Don’t assume there’s something wrong with you. When a friendship changes, it’s easy to look inward and ask yourself what you did wrong. Instead look upward and assume that for now, God simply wants your attention elsewhere. Trust Jesus with your reputation as well as this situation.
Don’t be afraid to reach out first. This one is hard for me. Whether I want to admit it or not, this girl can be so proud! That certainly isn’t an endearing quality. God’s Word has much to say about pride. When we love our relationships, we should have no room for pride and arrogance to creep in. Regardless of who is to blame, when we are really serious about reconciling a friendship, we put aside our pride and sometimes that means being the first one to take the step towards restoration. It might mean being the first one to apologize, even if you don’t know what you’re apologizing for. Ask yourself how important restoration is to you.
Keep your circle broken. I read this once and thought it was so beautiful. We’ve all walked in to a room and saw circles of friends, circles that had no room in them for us. Don’t be that person, keep your circle broken and always allow room for one more. It reminds me never to be content in being comfortable with the friends I already have but to look for ways to be a friend to others who need one.
Let bygones be bygones. Those thoughts of revenge? Not in this relationship! And rehashing the issues over and over again? No way! They need disposed of. With all that gone, God will start to work in both your hearts. That’s how we need to be when we reconcile relationships. Does God keep throwing our sins in our face? Nope. He isn’t keeping tabs and neither should we. When you have finally decided to let it go, kick it out the door. There is no need to pick it back up again.
Be friendly. The easiest way to make friends is honestly to smile and be friendly. I know it’s scary and risky, but we have to be willing to take that risk. Talk to the new girl in your Moms group, invite your elderly lady to bible study and smile at that worn out Mama in the grocery line. You never know who is looking for a warm smile, a kind face and a spot in your circle.
Be patient. Girl, if there is something I’m not good at it’s patience. But we have to give friendship time to grow. So many times we scare people away by setting our expectations too high too soon. Give yourself time to get to know each other before you share the deeper things in your life. When you give anyone some of your heart to a friend, you are giving that person a precious gift. You want to make sure you are presenting it to someone who will treasure it.

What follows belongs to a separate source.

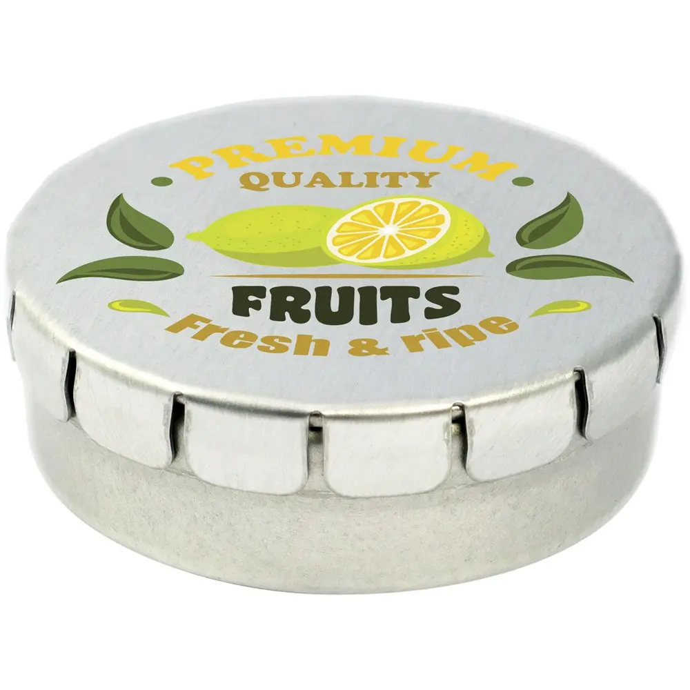 Ontdek onze suikervrije pepermunt in een handig blikje met drukopening. Dit compacte product, met afmetingen van 1,5 x ø 4,5 cm en gemaakt van tin, biedt u een praktische oplossing voor uw marketingstrategie. U kunt het vullen met diverse smaken zoals pepermunt, extra sterke pepermunt, fruitsmaak, hartvormige aardbeiensnoepjes, kaneel, citroen, pepermuntsmaak of chocolade.

I am so thankful to have an amazing group of girlfriends, my heart sisters, who I feel totally at home with. Some go back as far as when we were babies and our Mamas were best friends. I love friendships where there is a mutual felt sense of being able to truly relax, be ourselves and know that neither of us would do anything to harm the other. It just feels safe. It’s like being wrapped in a fuzzy, warm blanket on a cold, winter’s day.
I would love to hear from you, what has helped you to navigate through friendships?
Carmen Galloway
Great thoughts! I especially loved the “keep your circle broken” advice. Female friendships, especially in adulthood, can be so challenging!
Chris
This was great, Thanks for being vulnerable. Your story had me in tears. Loosing friendships is so difficult, I’ve been there more times than I’d like to admit. I learned a good lesson in being the first one to reach out this past year too!